To reveal the shocking links between these two events and trace the course of Badu’s life from his traditional childhood in Igboland to his traumatic adulthood as a rebellious slave on Barbados, Shelter in a Hostile World presents a dual timeline narrative that alternates between 1651 and 1628. In so doing, it elucidates the tragedies that befell Badu and ripped him from his homeland as well as the bravery and victories that later saw him rise up against oppression and seek freedom for his family.

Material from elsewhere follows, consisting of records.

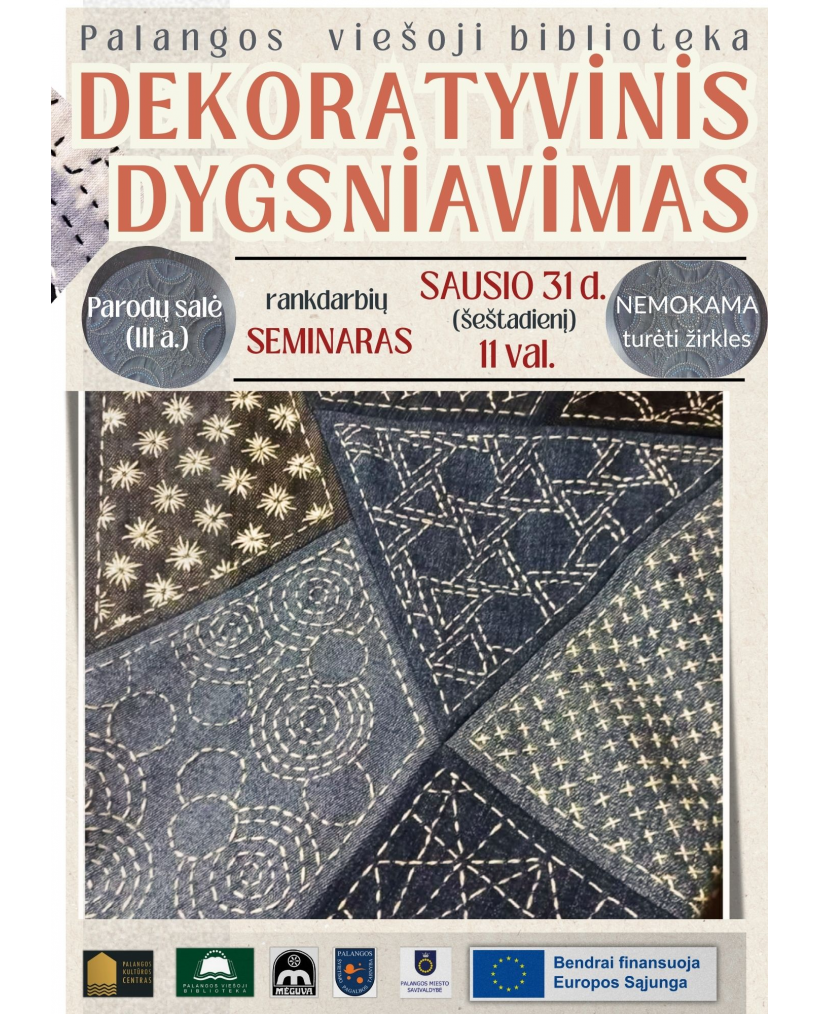 2026-01-21 Renginio data: 2026-01-31 11:00Palangos krašto etnoklubas „Mėguva“ pradeda projekto „Kūrybiška bendrystė Palangoje“ tradicinės tekstilės mokymų ciklą. Į pirmąjį susitikimą išbandyti ir pramokti įvairių dygsniavimo technikų sausio 31 d. (šeštadienį) 11 val. kviečia Palangos rankdarbių meistarnė. Seminaras vyks Palangos viešosios bibliotekos parodų salėje, kur eksponuojama skiautinių klubo „Viskas marga“ paroda „Mėlyna“. Seminaro metu dalyviai turės galimybę susitikti ir pabendrauti su parodos autorėmis.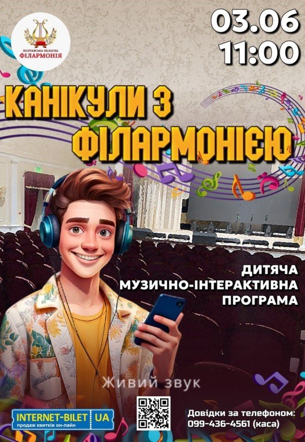 Канікули з філармонією відбудеться 3 червня 2025, 11:00, вівторок в Полтавська обласна філармонія. За допомогою сервісу internet-bilet.ua, Ви зможете з легкістю забронювати, замовити та купити квитки на концерт, спектакль, оперу, балет, майстер-класи, спортивні та дитячі заходи, що Вас цікавлять, оплативши їх найбільш зручним для Вас способом: через інтернет банківською карткою VISA/MasterCard, готівкою або кур'єром, якщо зробите замовлення квитка з доставкою.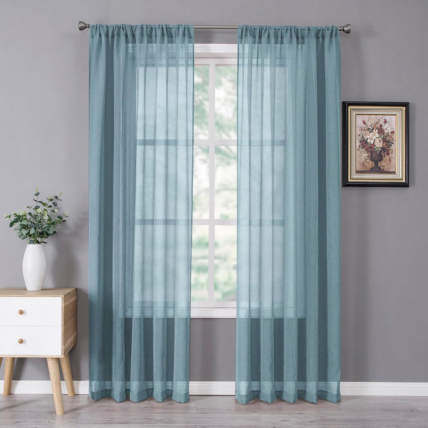 - Light Filtering: The linen look dusty blue sheer curtains can allow the right amount of natural light through to bring your room a hazy and softer vision, keep you away from someone’s glance from outside and provide you some privacy.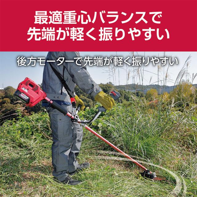 ●両手で左右から支える事ができて大きく横方向に動かせるため、草を刈る際の安定性に優れており長時間作業でも疲れにくく平坦地作業に適しています。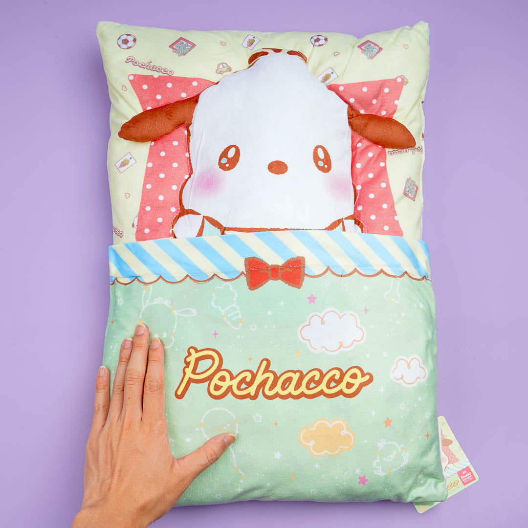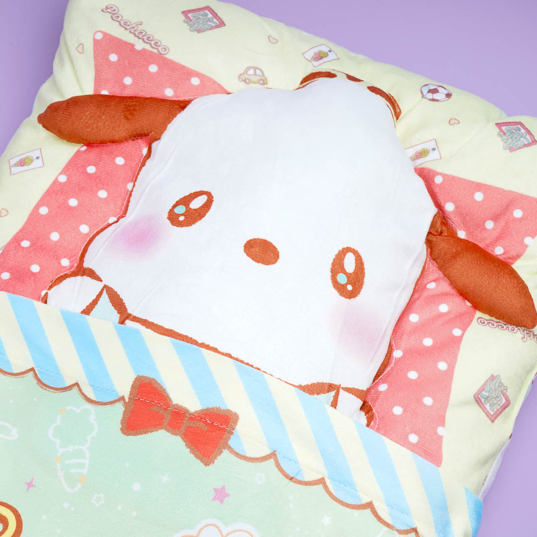 This kawaii cushion comes from the Sanrio Pukkuri Good Night series. It showcases Pochacco all snuggled up in bed! Place this cute cushion on your couch or by the side of your bed.
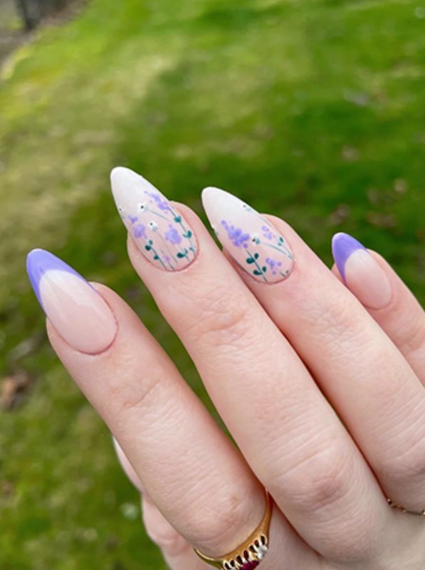 These lavender garden-inspired nails blend soft purple French tips with delicate hand-painted florals for the prettiest springtime vibe. The mix of clean nude bases, lilac accents, and tiny lavender flowers creates a dreamy, feminine manicure that feels fresh, elegant, and perfect for anyone who loves botanical nail art.

Badu’s story is characterized by tremendous highs and appalling lows, and Mack Little does a great job of portraying the myriad emotions that accompany such circumstances. During the course of his life, Badu and those close to him encounter deeply distressing issues such as slavery, brutality, sexual assault, female genital mutilation, and betrayal, which means that the story is rarely a comfortable one to read, although it is certainly impactful and important.
Little has clearly done a great deal of research during the world-building for Shelter in a Hostile World, although the book wears that research lightly, always informing readers through entertaining rather than lecturing. The Obosi of 1628 and the Barbados of 1651 are powerfully evoked, and both the characters and situations seem troublingly realistic. The cultures and traditions of both places feature prominently, and the inclusion of certain spiritual practices and supernatural elements adds extra depth to the story.
A brief but deeply impactful read, there is scope for Shelter in a Hostile World to have been a novel rather than a novella. Still, Badu’s story is a powerful and gripping one, and there is plenty to appreciate in the book. It is often a painful and distressing read, but it is certainly worth the effort.